Donald Trump will soon participate in a fundraiser at the former home of 1964 Republican presidential nominee Barry Goldwater, and the conservative icon’s widow isn’t happy about it.
“I think Barry would be appalled that his home was being used for that purpose,” Susan Goldwater Levine told the Washington Post.
“Barry would be appalled by Mr. Trump’s behavior,” Levine added, describing Trump as “unintelligent and unfiltered” with a “crude communications style.”
“And he’s shallow — so, so shallow,” she said.
Trump reportedly asked the owners of the home in Paradise Valley, Ariz., if they would be willing to host himself and several top GOP donors over the weekend as he seeks to raise money for his general election campaign and the Republican National Committee.

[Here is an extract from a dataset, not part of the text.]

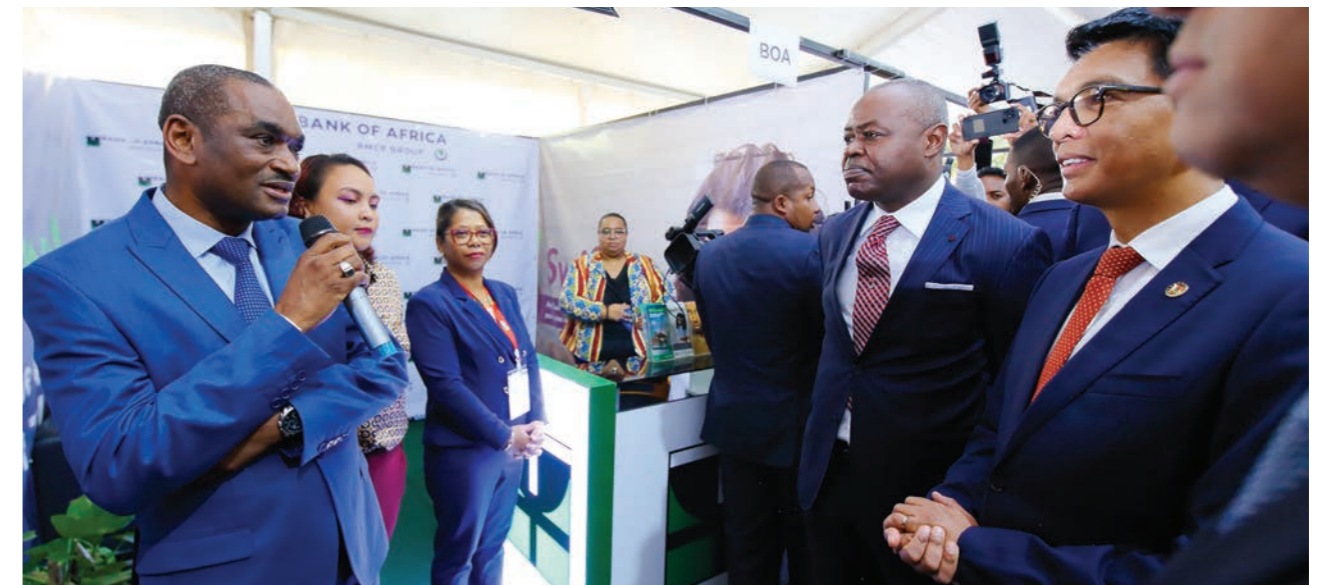
Stand BOA lors de l'ITM

“Barry was a good, solid Republican and was conservative,” Robert Hobbs, who purchased the home in 2000 and agreed to Trump’s request, told the Post. “I’m not sure that Donald Trump is conservative, but he’s who our nominee is.”

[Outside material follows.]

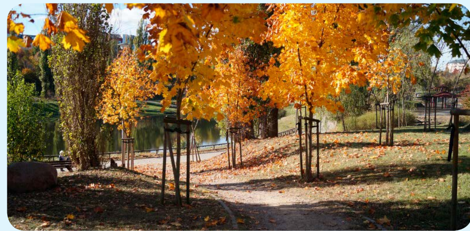
➔ Skatepark w Jarze Wilanowskim powstanie do końca sierpnia 2024 r.

Latem przyszłego roku w Jarze Wilanowskim powstanie nowy skatepark, ale na tym nie koniec. Mini-skatepark powstaje także w dzielnicy Strzyża, a w najbliższym czasie podpisana zostanie umowa na budowę takiego miejsca przy ul. Lenartowicza na Przeróbce. Wszystkie te zadania będą realizowane w ramach Budżetu Obywatelskiego.

Hobbs said Levine was “entitled to her opinion” but that her late husband “was a Republican and Donald Trump’s a Republican, and we’re going to support whoever the Republican nominee is.”

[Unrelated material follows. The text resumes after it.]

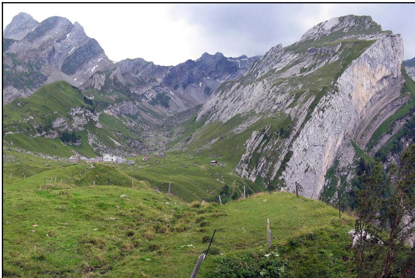
Altmann * Meglisalp * Ageteplatte

Eine weitere spektakuläre Route ist von der Meglisalp über die Ageteplatte zum Mesmer [Markierung: "weiß–rot–weiß"]. Von der Meglisalp [1517 m.ü.M.] geht es serpentinartig hoch auf die Ageteplatte [1939 m.ü.M.] – storziger [steiler], schweißtreibender Aufstieg bis zum Grat. [Grat-Überschreitung, 1896 m.ü.M.] Auf dem Grat oben angekommen sollte man einige Zeit inne halten und einfach das Panorama genießen. Oben auf dem Grat stehend [nichts für schwache Nerven – absolute Schwindelfreiheit und Trittsicherheit ist gefragt], hat man eine phantastische Aussicht über den Alpstein und zum Säntis rauf, der zum Greifen nahe scheint.

Trump has often been likened to Goldwater, whose insurgent presidential campaign disturbed many Republican leaders and led to an attempt to block his nomination at the 1964 convention. Others claim Goldwater’s deeply held conservative beliefs set him squarely apart from Trump – a candidate who, less than two decades ago, described himself “more as a Democrat.”
Levine called such comparisons “crazy and inappropriate.”
“Barry was so true to his convictions and would never be issuing these shallow, crude, accusatory criticisms of the other party or the other person,” she said. “No matter how he was feeling, he would conduct himself with dignity and pride — because as the candidate or as the president, it’s required.”
The latest fundraiser organized by Trump and the RNC is expected to attract steadfast Trump supporters like former Arizona Gov. Jan Brewer and State Treasurer Jeff DeWit, who chairs the presumptive Republican nominee’s campaign in the Grand Canyon State. Tickets to the event reportedly range from $2,700 to $25,000.
Trump is slated to hold a campaign rally in Arizona on Saturday shortly before he attends the private fundraiser at Goldwater’s former estate.